Он уплыл от неё подальше, если мог бы улетел, (хотя плавать — почти летать) смирив сексуальную зависимость, но долго, потом, вспоминая о сладких мгновениях, могущих не повториться никогда. Тогда он этого не ведал, ведь носил ещё хвост, и летал в водных просторах, не зная тяжести земного притяжения.
ГЛАВА 11
Муха куда-то пропала, её не было видно и главное слышно. Где-то — он об этом читал — одинокий человек пригрел на зиму подобное, разговаривал с этим, и даже подкармливал, а когда нечаянно раздавил, почти привыкшее и уже начавшее доверять ему насекомое, чуть не застрелился.
— Стреляться я не стал бы, но всё же где она? — подумал Дима и, кряхтя, покинул кубло.
Муха замолчала между рамами окна, замолчала лапками кверху, в такой позе, видимо, молчать ей было удобнее и естественнее.

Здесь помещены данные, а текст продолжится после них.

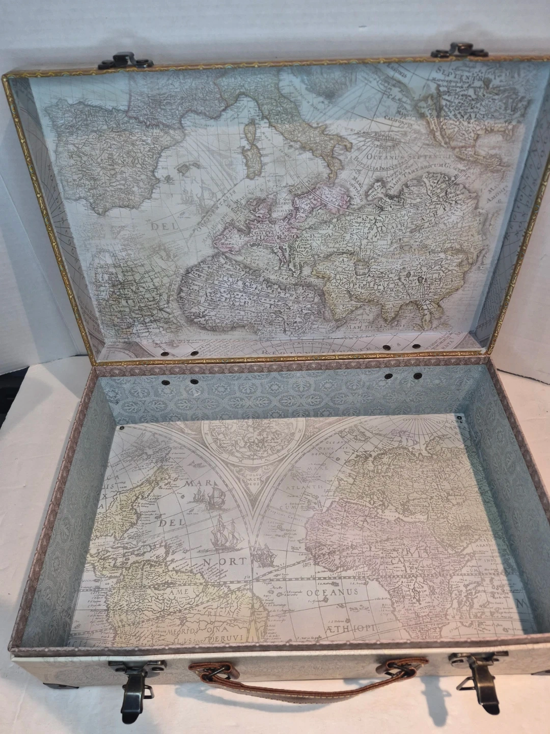 Medium size decorative trunk features a vintage world map design. It has a faux leather handle and metal latches for closure. It's a stylish way to store items. Made of hard cardboard
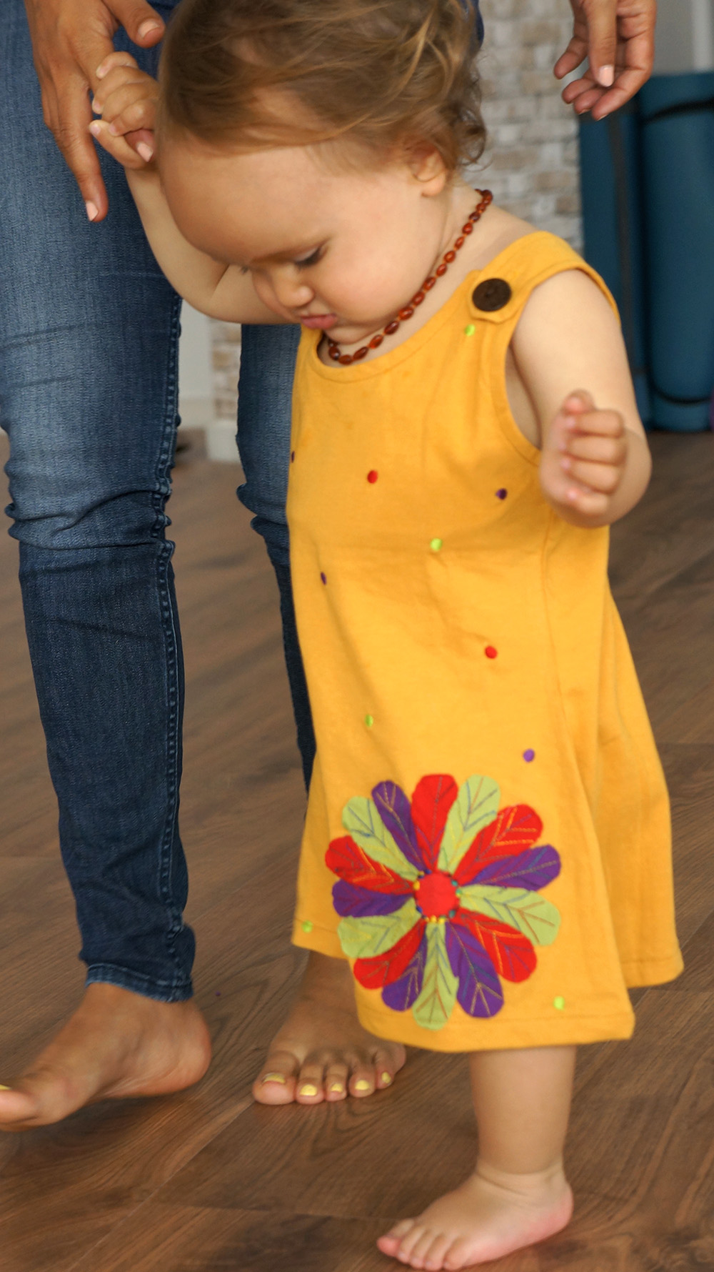 Vestido corto amarillo sin mangas, con tirantes abotonados, decorado con una gran flor en la parte frontal baja y con topos de colores.. El material es 100% algodón y está confeccionado a mano en Nepal. Es un producto de gran calidad y tacto agradable.

— Где мой пистолет? — вскинулся Дмитрий и оглянулся в поисках вороного друга. Но это была шутка. — Может проветрить в комнате? — подумал он и полез на подоконник, чтобы открыть форточку… — А жаль мушку, я к ней уже тоже привык, тихая такая была, ненавязчивая… Нет, так нельзя! — вспомнил он о своей действующей метаморфозе. — Я не должен привыкать, не имею права, долой привязанность — одно из составляющих рабства! Любовь, дружба, родственные чувства — должны оставить моё сознание или я не обрету ощущения полёта никогда, — он взглянул на своё лицо в зеркало. — Очень хорошо, скоро меня никто не узнает! А ведь раньше почти летал… в молодости, во сне… даже сейчас иногда могу взлететь, но руками махать приходится больше и чаще — тяжёл стал, а вот, если вода — во сне… то, как головастик, к чёрту… как марлин… даже легче — почти лечу, пронзаю… и руками ничего не надо делать! — он открыл дверь комнаты и поднял с пола поднос уставленный едой. Под стаканом киселя лежала записка. Он приподнял стакан и, глотая густую сладкую жидкость, стал читать…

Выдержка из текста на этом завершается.